Farm update, early July

As summer arrives, our attention is shifting to the main field, where beans, corn, okra, potatoes, sorghum, tomatillos, and more are coming on strong. Above, you see a healthy set of edamame plants, already setting their pods. We’ve been harvesting the first potatoes and green beans for ourselves, and enjoying them immensely. Look for both at market next Saturday.

The market garden is in transition, with virtually all the spring crops out and summer items getting started. Tomatoes, peppers, green beans, sweet potatoes, squash, and cucumbers are all growing, but not yet ready for harvests. We always get a late start on these items because of the cooler conditions in our valley, and this year were set back even more by some trouble with our indoor starts. In some cases, too, transplanting/seeding summer items in the garden is delayed by waiting for spring crops to finish. This was especially true for our beet beds, which took forever to mature, delaying the tomato transplants that were intended to follow. Right now the market garden looks strangely barren, with so many beds in transition, and with all the garlic beds temporarily empty now that we’ve finished the garlic harvest.

There are many updates for the animals as well. We finally got around to a long-intended project, moving the goat’s paddocks and hoophouse up onto a brushy ridge over our vegetable field. They’re now in heaven with lots of fresh browse to eat; we’ll be rotating their area every 3-4 weeks through the summer to keep providing fresh food and to help manage worms.

We’ve added four young ducks, intending two for summer meat and two for future eggs and more ducks. One Ameracauna hen is sitting on five eggs, which are due to hatch sometime next week. We also got our summer shipment of chicks and turkeys in, adding another 25 birds to the rotation. Below are the turkey poults:

And here are the chicks:

These are all from Sandhill Preservation Center, a fantastic small family outfit in Iowa that specializes in preserving rare heritage breeds. In this batch, we have more Black Ameracaunas to match our existing flocks, plus two varieties of Rhode Island Reds. Last year, we felt our one RIR rooster was the best tasting of any breed, and they’re supposed to be decent layers as well, so we ordered more. These are straight-run, meaning mixed genders, which we like because the young roosters become our winter meat supply and we can keep the hens for laying. We’ll be writing more about these later, including our new trial methods of brooding chicks on a more natural diet than processed chicken feed.
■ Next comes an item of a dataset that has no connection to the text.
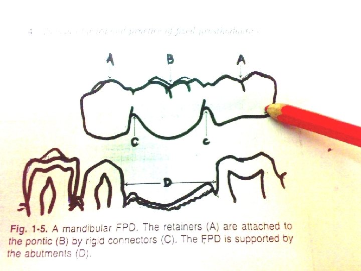 n Retainer n That for an FPD… component of an FPD which takes support from the abutment tooth and provides retention to the prosthesis

Other projects have including running a temporary water line to the main field in anticipation of normal drier summer conditions, and another up to the goat’s new paddock. We’re still finishing the fencing on the main field, including stringing electric wire along the top now that the corn is beginning to form tassels and raccoon season can’t be far away.
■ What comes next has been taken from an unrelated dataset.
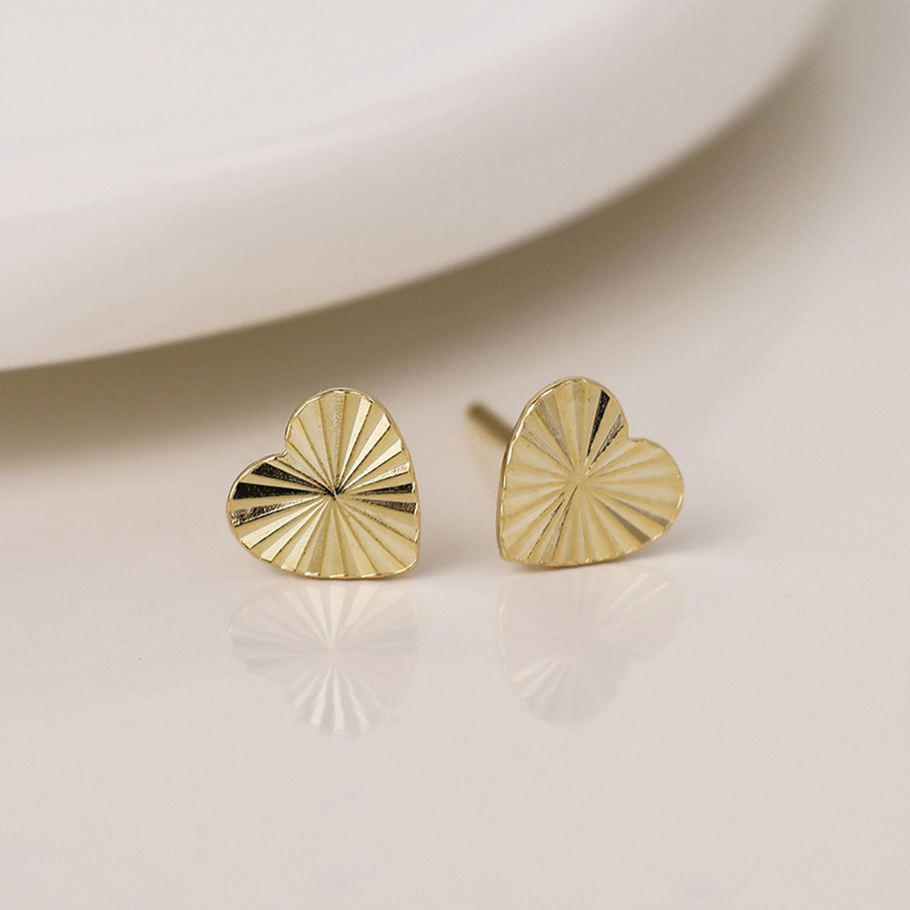 These Sunburst Heart Stud Earrings are crafted from 925 sterling silver with a warm yellow gold plating and feature a delicate 7mm heart design finished in a radiant golden tone. Feminine, meaningful, and easy to wear, they offer a timeless symbol of love with a modern textured twist.

And, of course, lots of weeding, hoeing, bad-bug-squishing, and all the other day-to-day tasks it takes to keep this place running. The weather has been really cooperative, with rain timed once or twice a week and recent temperatures quite enjoyable. So far it’s really been an excellent growing season for us, and we’re looking forward to delving into the heart of our market season with the full garlic, edamame, potatoes, and more.